Baca Juga: Derita Anak-anak Kita: Data Kekerasan Minim, Perlindungan Nihil

Bertanyalah dengan pertanyaan yang tepat

Ketika kamu mendengar cerita penyintas, yang perlu kamu lakukan adalah mendengar semua ceritanya secara berempati. Ketika kamu ingin bertanya, perhatikan pertanyaan yang akan kamu lemparkan padanya. Ketimbang melontarkan pertanyaan pada penyintas, ada baiknya kamu lontarkan  beragam pertanyaan pada pelaku agar semua orang menyorot pelaku,

Tantang para pendukung pelaku

Sering kali, ada pihak-pihak yang akan mendukung pelaku dengan cara menyerang penyintas. Yang perlu kamu lakukan adalah ingatkan para pendukung pelaku tersebut bahwa adalah keputusan sang pelaku untuk melakukan kekerasan seksual dan selalu tangkis semua victim blaming yang dilemparkan oleh mereka,

Selalu awasi pelaku

Pelaku akan selalu memiliki cara untuk menjelaskan dan membenarkan tindakan yang ia lakukan terhadap penyintas. Ketika hal ini terjadi, jangan pernah percaya terhadap apa yang dibicarakan. Jangan biarkan dia membuat alasan seperti menyalahkan penyintas  menyalahkan alkohol, atau obat-obatan yang memengaruhi perbuatannya. Jika memungkinkan, hubungi organisasi bantuan atau pihak advokasi lainnya untuk membantu penyintas. 

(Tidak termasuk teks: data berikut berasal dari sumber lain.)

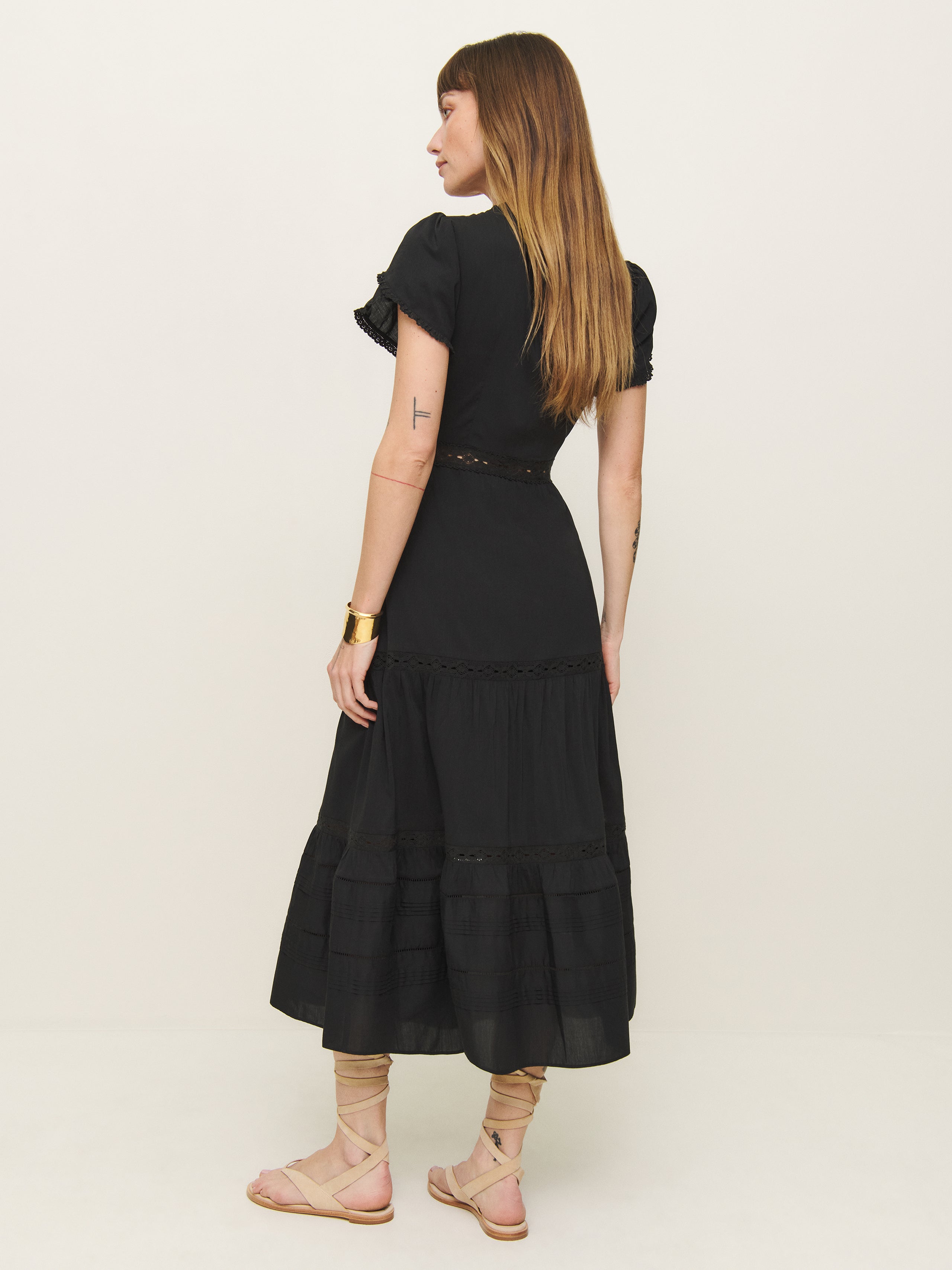 Wear the dress. Shop the Zebrina Dress from Reformation, a short-sleeved midi dress with an adjustable button front and embroidered detailing.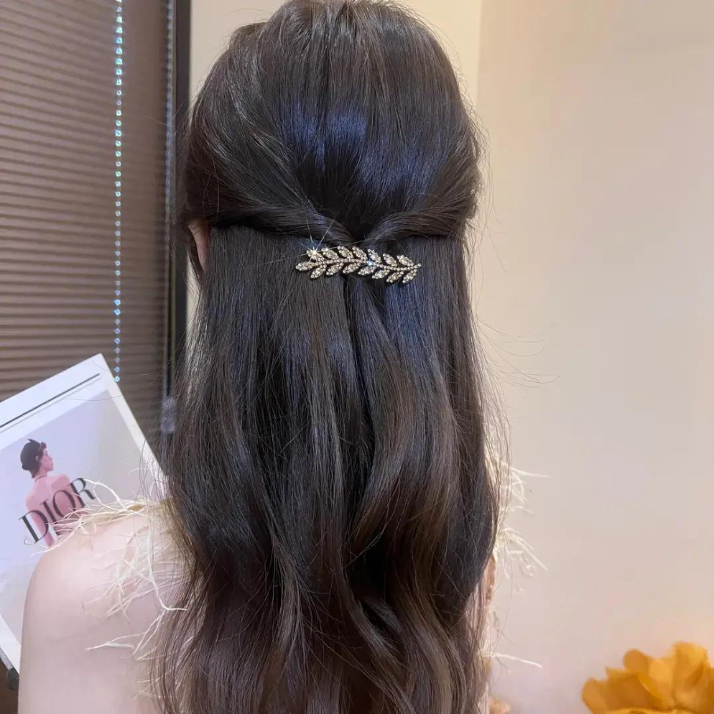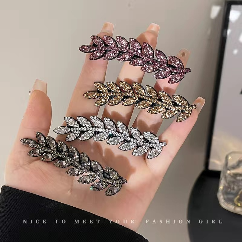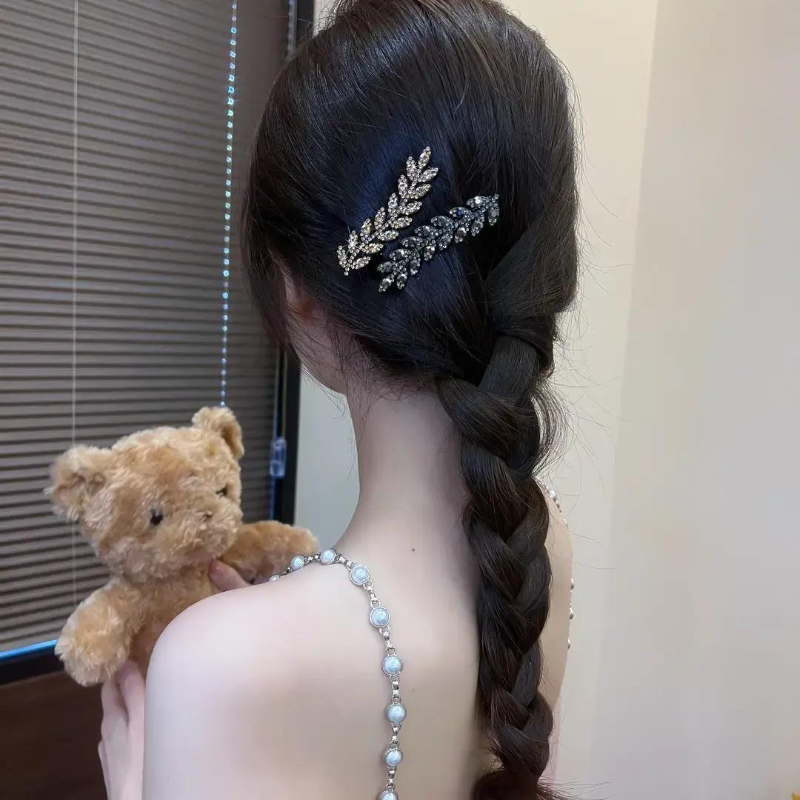 高级感麦穗水钻发夹前额刘海碎发边夹女气质半扎发碎发鸭嘴夹发卡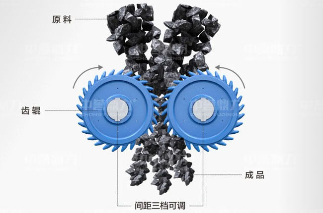 雙齒輥破碎機(jī)在工作時(shí),物料進(jìn)入破碎腔,通過(guò)高速旋轉(zhuǎn)兩齒輥對(duì)物料進(jìn)行剪切、擠壓、拉伸等作用對(duì)物料進(jìn)行破碎,齒輥中心距三擋可調(diào),保障出料粒度。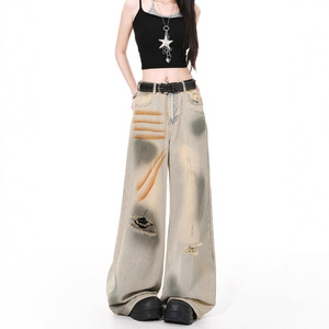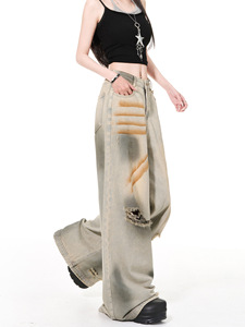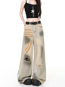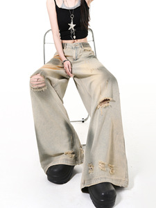 美式高街破洞阔腿牛仔裤男女25新款夏季宽松显瘦小众设计感直筒裤

Baca Juga: Penyiksaan di Rutan, Panti Rehab: Saat Yang Berwenang Jadi Sewenang-wenang

Call-out orang-orang yang melemparkan rape jokes

Salah satu yang melanggengkan budaya pemerkosaan dalam masyarakat adalah tindakan kekerasan seksual yang dinormalisasi salah satunya lewat rape jokes. Ketika kamu melihat hal ini di sekitarmu, kamu bisa menegur orang tersebut dan ingatkan bahwa hal tersebut tidak pantas dibicarakan. Menurut Sakdiyah Makruf, kamu bisa melawan hal tersebut dengan tidak ikut tertawa dengan jokes tersebut.  

Call out media yang membuat berita memojokkan penyintas

Salah satu corong yang membuat budaya victim blaming menyebar dalam masyarakat akibat dari berita memojokkan korban yang dibuat oleh media. Ketika kamu melihat hal ini, jangan sungkan untuk melakukan call out di media sosial. Katakanlah hal ini tidak benar dan akan berakibat buruk terhadap korban. Kamu juga bisa membuat petisi agar pihak editorial media tersebut mengubah pendekatan mereka atau cara pandang mereka untuk lebih berpihak pada korban.